Sequential Decision-Making Under Stochastic Uncertainty

14 Aug 2023 13:44

Yet Another Inadequate Placeholder.

That said... I'm interested in the theory of optimal decision-making, when you need to make multiple decisions over time, and there is non-trivial stochastic uncertainty, either because the effects of your actions are somewhat random, or because you can only coarsely and noisily measure the state of the system you're acting on. I am particularly interested in the extent to which optimal strategies can be learned, in the usual "probably approximately correct" sense of computational learning theory. Here it seems that there is a potentially very important difference between trying to learn an optimal strategy on the basis of merely historical, haphazard data, versus actually performing experiments. In fact, in some sense the best way to learn about the optimal policy may be to experiment with a totally random policy, because the data you gather from such an experiment is totally free of outside, confounding factors. (Similarly, one way to learn about the properties of a nonlinear system is to measure its response to white noise; this is the Wiener method for transducers.)
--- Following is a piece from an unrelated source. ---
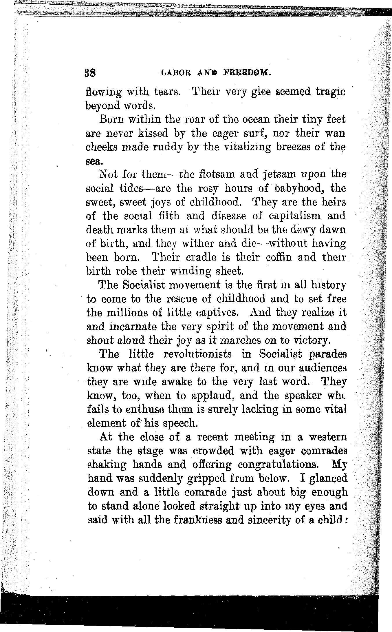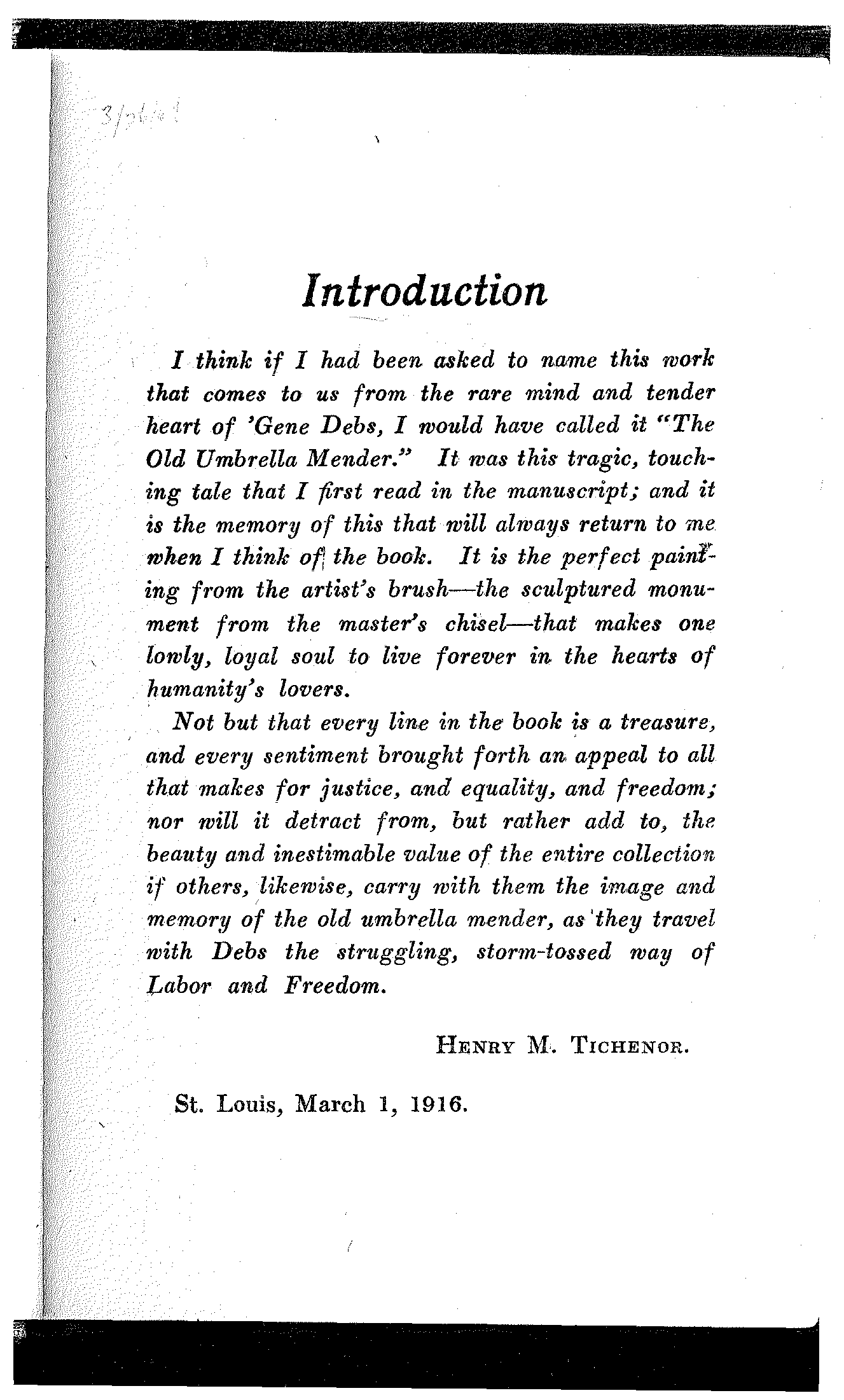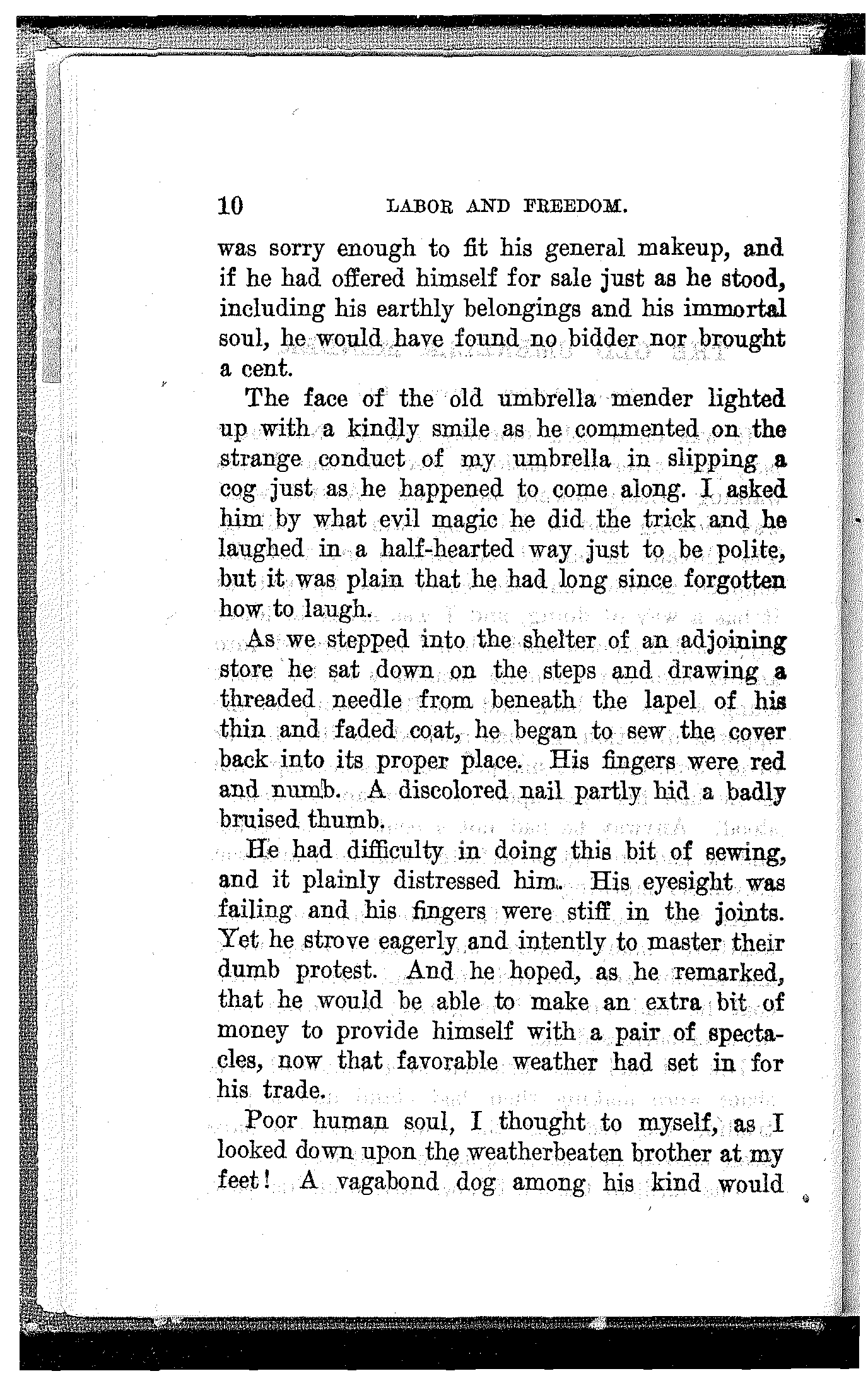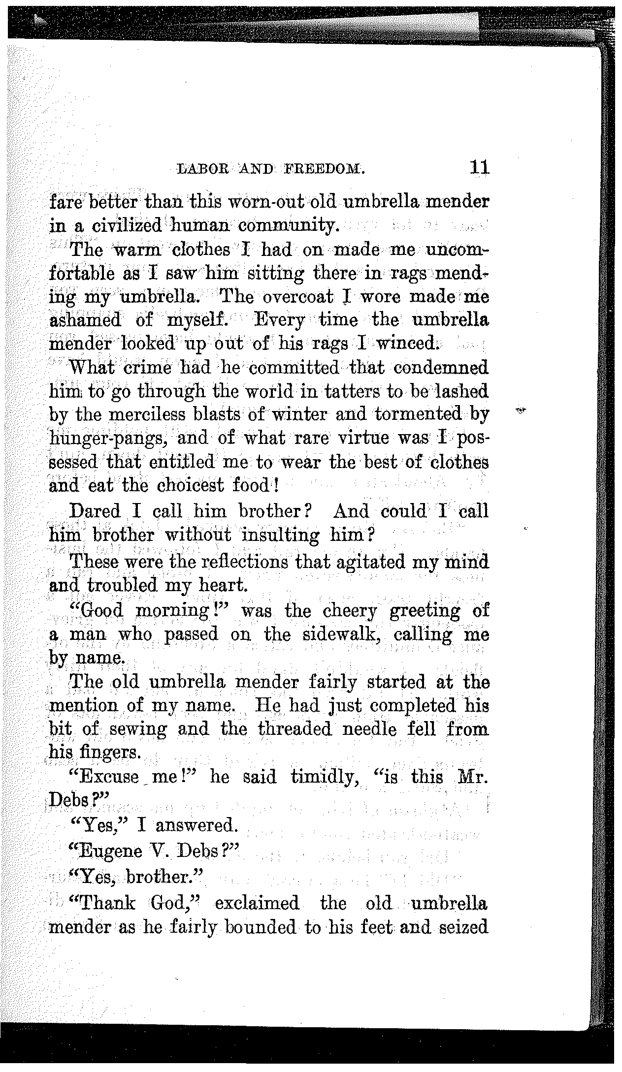 Not but that every line in the book is a treasure, and every sentiment brought forth an appeal to all that makes for justice, and equality, and freedom; nor will it detract from, but rather add to, the beauty and inestimable value of the entire collection if others, likewise, carry with them the image and memory of the old umbrella mender, as they travel with Debs the struggling, storm-tossed way of Labor and Freedom.

Finding the optimal strategy turns out to be a very hard problem, both computationally and statistically, and it seems staggeringly unlikely that most human beings, when faced with such situations, respond in anything like the optimal manner. (This is part of the reason things like DSGE models in macroeconomics are crazy.) Or, rather, if we do act optimally, it's with respect to a non-obvious criterion.

Related or subsidiary topics which will also show up here: Partially-observable Markov decision processes, reinforcement learning, etc., etc.

People sometimes distinguish between "risk", which can be represented stochastically, i.e., as a probability distribution, and "uncertainty", where there is simply no basis for assessing frequencies or the like. Decision-making under such strong or genuine uncertainty is a very different problem, better addressed using the tools of low-regret learning.